#4: Due Diligence
Now that you have a "system," all that's left to do is maintain it. For that, you need three kinds of upkeep.
1. Daily Upkeep
What is the quickest way to turn a neat closet into a messy one? Toss today's dirty clothes on the floor. Every day, when the mail comes in, open up your file box, and open the bills one by one. Write checks (by hand or electronically), deduct the amount of each check from your check register (or electronically—watch as the bank does it for you), stamp the envelope, and put it directly in the mailbox to go out the next day or on the counter with your keys so you'll remember to take it with you the next time you leave the house. Do not procrastinate and say you'll pay bills later, after you've had dinner, after you've had a glass of wine. Start this task and finish it in one swift motion.
And what's Plan B for the night that just doesn't work? The baby is crying, the dog poops on the floor, dinner...oh, heck, you can't even think about dinner. You'll be lucky if you can grab a bowl of Raisin Bran in time for the Friends rerun at 11. In that case, put all the bills that need to be filed in the same place—in your "To-Be-Paid" folder. Whatever you do, don't start separating them into separate folders. Don't put the insurance bill in the "Insurance" folder, the credit card bill in the "Credit cards" folder. You'll never see those bills again, and you'll get hit by late fees.

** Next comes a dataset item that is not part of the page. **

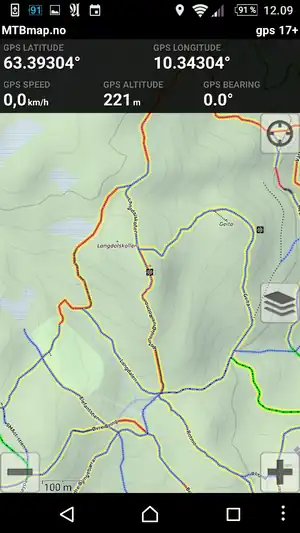 2. Legg til MtbMap via Maps->Add og velg Flexible URL tile definition. Benytt mtbmap.no som navn og følgende som Map url: http://c.tiles.mtbmap.no/osm/mtbmap/{2}/{0}/{1}.png Legg inn min og max zoom for kartet. Dette kan du finne i en nettleser. For eksempel vil egnede verdier for MTBMap.no være min zoom 5 og max zoom 17, men vær obs på at kartet kun dekker opp til zoom 14 for mange områder (zoom 15-16 finnes hittil kun for Trondheim, Oppdal, Verdal og Røros). 3. Pass på at "Shown" er valgt for de kartene du ønsker å ha tilgjengelig (under Maps i menyen). Merk at du her også har "Statkart Topo 2 (Norway)" tilgjengelig. 4. For å vise kartet i appen; trykk på verdenskartikonet oppe til høyre, velg her mtbmap.no |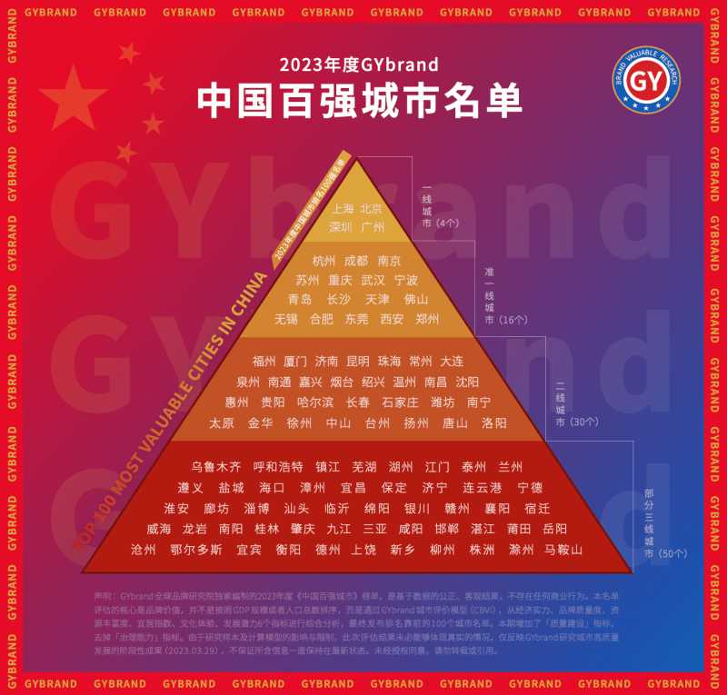 这是GYbrand全面展示中国城市高质量发展情况的榜单,并不是简单按照城市GDP或者人口规模排序,而是从经济实力、质量建设、商业资源、文化体验、居住生活、发展潜力等六大指标进行综合评价,最终发布2023中国城市排名100强名单。

Give yourself a break and deal with your bills as soon as you can, preferably tomorrow.
2. Intermittent Upkeep
Every time you open a new account, take out a new insurance policy, or do something else that requires record keeping, immediately make a new folder. Print a label, and figure out where the folder goes. The first thing that goes into the new folder is the contract you signed, so that if you ever need to refer to it, you know precisely where it is.
3. Annual Upkeep
Every year, after you've filed your taxes, remove last year's manila folders from the file box and place them in another set of hanging files in a filing cabinet or drawer. It is important to arrange both sets of files in the same way so that you'll know precisely where to find any document. You will even be able to tell another person where to find a particular document if needed.
Women spend an average of 55 minutes every day searching for stuff, including 8.2 minutes looking for a receipt. Now that you're organized, wouldn't you like to turn that extra hour into extra cash?